As a result, I believe I will need to submit forms to the IRS if we decide to sell the block of land and I receive some income as a beneficiary - specifically as the trustee, I'll need to provide US beneficiaries (i.e. myself) with a beneficiary statement; and as a US beneficiary, I'll need to file form 3520 (with the beneficiary statement attached) and pay tax on the received income. However, if we never sell the block of land, then the trust will never make any income or pay distributions. In this case, do I need to file any forms with the IRS?

Also, based on the above description of my family trust, do I need to worry about PFIC or Controlled Foreign Corporation issues? Am I correct in assuming that the trust is a non-grantor trust?

Since I am still in Australia and won't become a US-resident for a long time, I can easily resign as trustee and I'm also happy to be removed as a beneficiary from the trust, if it will make my life easier when I move to the US. Given I'll be a dual-tax resident (at least initially when I move to the US) I'd like to keep things as simple as possible for both the IRS and the Australian Tax Office!

Thanks very much for anyone who is able to give me advice on this!


----------



## 255

Pareto8020 -- You are wise to investigate CFC and PFIC rules, as well as how the U.S. treats foriegn trusts (poorly.) You are currently not a U.S. person and the trust, I presume, was organized under Austrailian law (of which I have zero knowledge.) There is currently no U.S. reporting requirements. If you maintain authority, as the Trustee, after you move to the U.S., you will have FATCA and FBAR reporting requirements. Hence, you would be wise to resign as Trustee, before your move. If you decide to sell the land and disolve the trust before you move -- of course, there would be no U.S. issues at all. If you resign as trustee, since you didn't form or fund the trust, you wouldn't have to file form 3520 until a distribution is made. Even then, it appears your distribution share would only be long term capital gains (if the property was sold at a profit) and return of principal (gift from your mother?) Cheers, 255


----------



## Moulard

Another thing to consider, is what sort of visa are you planning on entering the US. If it is an E3 visa, it is worth noting, that while it allows long term residency, and one can convert to permanent residency, it itself it does not grant permanent residency. Long term Permanent Residents of the US are subject to the same exit rules as US citizens nut long term residents under other visa categories (like the E-3) are not. Depending on the value of your share of any distribution from this trust (and your other assets) it is something to file away if you are planning to be in the US long term. Particularly worth noting giving current stratospheric land values in Oz at the moment.

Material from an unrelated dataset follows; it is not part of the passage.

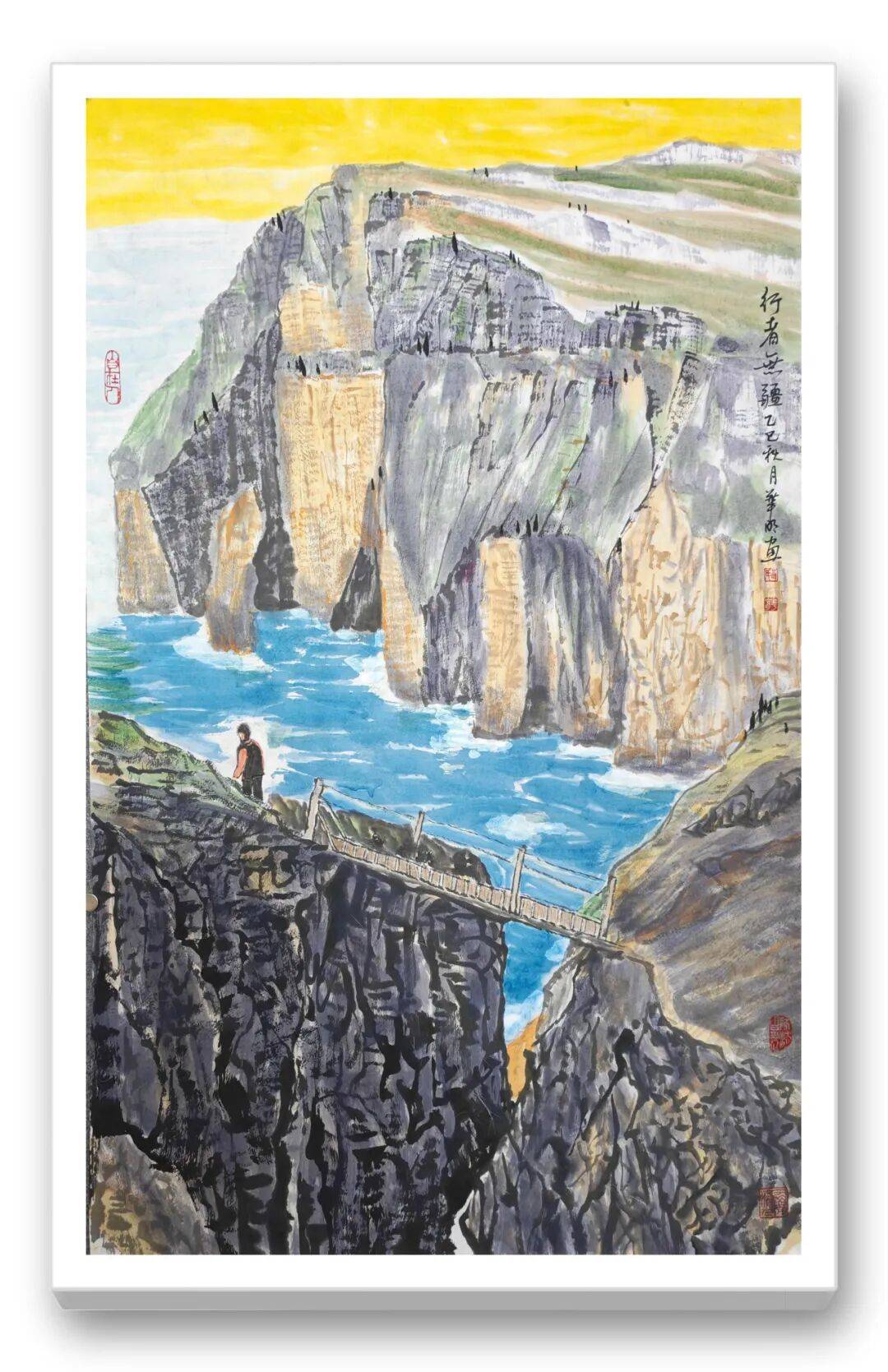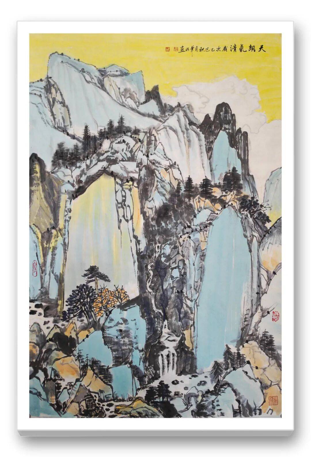 而在墨与彩的关系处理上,聂华明老师突破了传统山水画“水墨为上”的固有模式,大胆且巧妙地运用色彩,使画面焕发出新的生机。传统山水画的色彩多为浅绛、青绿等较为素雅的色调,以辅助水墨营造意境。但聂老师的作品中,色彩不再是水墨的附属,而是与水墨相互交融、相互映衬的重要元素。画面中的山壁,一侧是澄澈的蓝,一侧是暖调的黄与橙,色彩的碰撞既形成了强烈的视觉冲击,又通过水墨的调和,让色彩过渡自然,不显突兀。蓝色的冷寂与黄橙的暖融,恰似秋光中的清寒与和煦并存,既展现出秋天特有的节气氛围,又在色彩的对比中,赋予了画面现代艺术的形式美感,使传统山水在色彩的助力下,更具时代气息。

Given you have plenty of time, you may want to carefully read the trust deed. Depending on the powers granted in the deed to beneficiaries, and limitations placed on the powers of the trustee it could be that that even if you are no longer the trustee, you could still be an owner of the trust for US reporting purposes.


----------



## Pareto8020

255 said:


> Pareto8020 -- You are wise to investigate CFC and PFIC rules, as well as how the U.S. treats foriegn trusts (poorly.) You are currently not a U.S. person and the trust, I presume, was organized under Austrailian law (of which I have zero knowledge.) There is currently no U.S. reporting requirements. If you maintain authority, as the Trustee, after you move to the U.S., you will have FATCA and FBAR reporting requirements. Hence, you would be wise to resign as Trustee, before your move. If you decide to sell the land and disolve the trust before you move -- of course, there would be no U.S. issues at all. If you resign as trustee, since you didn't form or fund the trust, you wouldn't have to file form 3520 until a distribution is made. Even then, it appears your distribution share would only be long term capital gains (if the property was sold at a profit) and return of principal (gift from your mother?) Cheers, 255


Hi 255,

Thanks very much, that’s great advice and consistent with what I was thinking, but wasn’t sure. I’d certainly prefer not to complicate my life with FATCA and FBAR reporting requirements, so resigning as trustee seems like my preferred option. Then I won’t really need to worry about it until we sell the land – if that ever happens while I’m a US resident.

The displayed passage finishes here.